Том 10. Петербургский буерак - [45]
Он был необыкновенно доверчивый.
Без обмана я жить не могу. Мечтая, обманываю себя и радуюсь, обманув других. Люди сурьёзные, трезвые – скучные люди осуждают: врет все. Одно лето, карауля Париж – живу в полном затворе – я «систематически» обманывал Одарченка-Бормосова («Денёк») и Копытчика – С. К. Маковского.>30 Чарыми цветами я засыпал их глаза – и они мне поверили. Но кто оказался несомненнее, это Пантелеймонов. В Париж на съезд Топонимии из Индии, конечно! приехал Солончук, о Пантелеймонове он слышал, конечно! и пишет ему письма. Самое горячее признание. Разжег и временно пропал, поехал мошенник к своему старому рязанскому другу, куроводу и лесосеку Солнцеву рыбу ловить в Сэн-Пият, где и воды-то знают, что колодезная. Всему верит – верит, что он «единственный» и «ниоткуда не происходит, ну, как Мусоргский», верит в «Оплешник», «Луко-пера», «Зык» и «Зуб» – басаврючьи литературные затеи Солончука. Да что Солончук, он поверит и в дружественную юмористическую критику, и розовый смешливый листок будет вкладывать в свои зеленые книги.
Теперь, когда ему не до юмора, он не примет мои слова за обиду, не скажет «не хлопайте линейкой по руке» «слушайте, можно о человеке сказать самые высокие слова и наделить великими дарами, а выйдет не в похвалу, а в посмех. Так нечаянно, без злой воли, поступили с вами!»
Посвящение в «стеклянные мастера» совершилось осенью. Никто ничего не знает о Тамаре Ивановне. И только в Рождество я получаю от нее письмо – нашлась!
Она зажгла лампадку и вспоминает рождественский сочельник в «кукушкиной» – вспоминает Серафиму Павловну – Серафима Павловна сидит под кукушкой нарядная в голубом и во лбу ее, серебряной звездой, светится миро – прикладывалась к Празднику.

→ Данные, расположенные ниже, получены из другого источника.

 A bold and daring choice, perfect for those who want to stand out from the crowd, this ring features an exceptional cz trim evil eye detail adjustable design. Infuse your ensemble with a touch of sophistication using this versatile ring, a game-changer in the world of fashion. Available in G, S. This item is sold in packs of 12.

А я перебегаю из «кукушкиной» в кухню с тарелками, балагуря. После чаю все в комнату Серафимы Павловны, там в сумерках, из красного угла от золотых образов, красная лампадка. Не будем зажигать электричество, огонек за огоньком – свечка за свечкой – и сияет елка: «Дева днесь Пресущественного рождает»>31. Сидим молча в свете, глаза в свет. А подпись: Тамара Пантелеймонова.

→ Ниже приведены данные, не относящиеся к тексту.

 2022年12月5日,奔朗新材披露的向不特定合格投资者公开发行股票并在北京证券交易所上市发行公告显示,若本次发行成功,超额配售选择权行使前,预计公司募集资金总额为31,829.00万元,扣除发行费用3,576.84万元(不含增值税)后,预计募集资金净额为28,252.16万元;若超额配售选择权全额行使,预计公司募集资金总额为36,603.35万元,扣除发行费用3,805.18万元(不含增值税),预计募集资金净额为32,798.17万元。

Когда придет Тамара Ивановна, не назовешь «Лопатка», она не то что стала важная, но ведь и Иерусалимский не Иерусалимский, а Стекольщик, а скоро сделается Пантелеймонов.
В «Патриоте» Пантелеймонов печатает по советским матерьялам «О пятилетке». Больше никаких «морковок» не попадалось, все было, как статьи пишут, Неманов или Пантелеймонов, не различишь. А выходила еще газета «Рабочее слово». Принес мне показать, как потом скажет, «на злой глаз», – отрывок из колхозной повести.

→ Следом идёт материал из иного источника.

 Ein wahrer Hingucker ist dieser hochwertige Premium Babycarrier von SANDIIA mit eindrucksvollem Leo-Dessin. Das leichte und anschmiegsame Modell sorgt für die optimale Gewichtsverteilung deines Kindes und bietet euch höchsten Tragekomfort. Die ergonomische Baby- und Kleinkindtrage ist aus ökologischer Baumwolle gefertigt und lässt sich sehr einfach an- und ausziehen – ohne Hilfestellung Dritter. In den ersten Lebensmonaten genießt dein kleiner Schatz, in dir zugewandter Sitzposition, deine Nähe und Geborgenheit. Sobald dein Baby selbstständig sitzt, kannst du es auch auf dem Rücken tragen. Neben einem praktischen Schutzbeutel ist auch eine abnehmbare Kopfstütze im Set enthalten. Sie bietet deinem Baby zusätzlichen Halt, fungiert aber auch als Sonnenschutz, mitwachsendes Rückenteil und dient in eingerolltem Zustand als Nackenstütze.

Написано гладко – добросовестный В. Муйжель («Русское Богатство»>32). И, конечно, не без «глагольных». В черновиках сам грешу и оттого глаз у меня цепок и беспокоит ухо.
О этих «глагольных» или «подглагольных» в 40-х годах писал А. В. Дружинин, наш «эстетический» критик, тогда еще говорили о искусстве слова. – Эти «глагольные» в стихах не дорого, а в прозе – муть, раствор и жижа. Дьяки XVI–XVII вв. любили заключать «глагольными» приговор – «чтобы впредь не воровать и людей не смущать, бить батоги нещадно» А в «деле» никогда созвучий, крепко в-точь. А в разговоре где и когда вы услышите «глагольные»? Разве оговорится, и непременно, не замечая того, поправит себя. По «глагольным» узнавали хлыстов и скопцов, а у них по привычке ритм в накате держится глагольными. Автобиография Кондратия Селиванова, – диктует сплошь на «глагольных».
Явление «глагольной» книжное: повести пишутся не безразлично, хочется запеть, а дыхания нет, хоть «сглаголю», сойдет.
Я показал все «глагольные» в Повести и как и чем заменить – фраза получилась куда отчетливей и звонче.
Его очень удивило: в первый раз, никогда в голову не приходило, что он пишет на «глагольных».
– Вы книги читаете глазами – для развлечения, а попробуйте слово за словом, вот еще и не такое откроете, чем и на чем пишут.
Я не спросил, давно ли он пишет рассказы. Но подумал: «а может Осоргин прав, никакой Нахичеванской, а стихи Пантелеймонова?»
Потом на мои расспросы Бейружане мне говорили, что Нахичеванская стихов не писала, но и о Пантелеймонове не слышно, чтобы писал.
В. Муйжель – повесть из колхозной жизни – имени не наживешь! Имя Пантелеймонов начинается со «Святаго Владимира».
Есть две грамматики: школьная и неписаная сказа, природной, непроизвольно складывающейся речи. В книжной можно достигнуть большой выразительности: начиная со «Слова»>33, Макарьевские минеи>34, классическая литература. В книгах пример сказа – Житие Аввакума>35. Но Аввакум проповедник, книжник, и его сказ прослойка живого слова в условную книжную речь.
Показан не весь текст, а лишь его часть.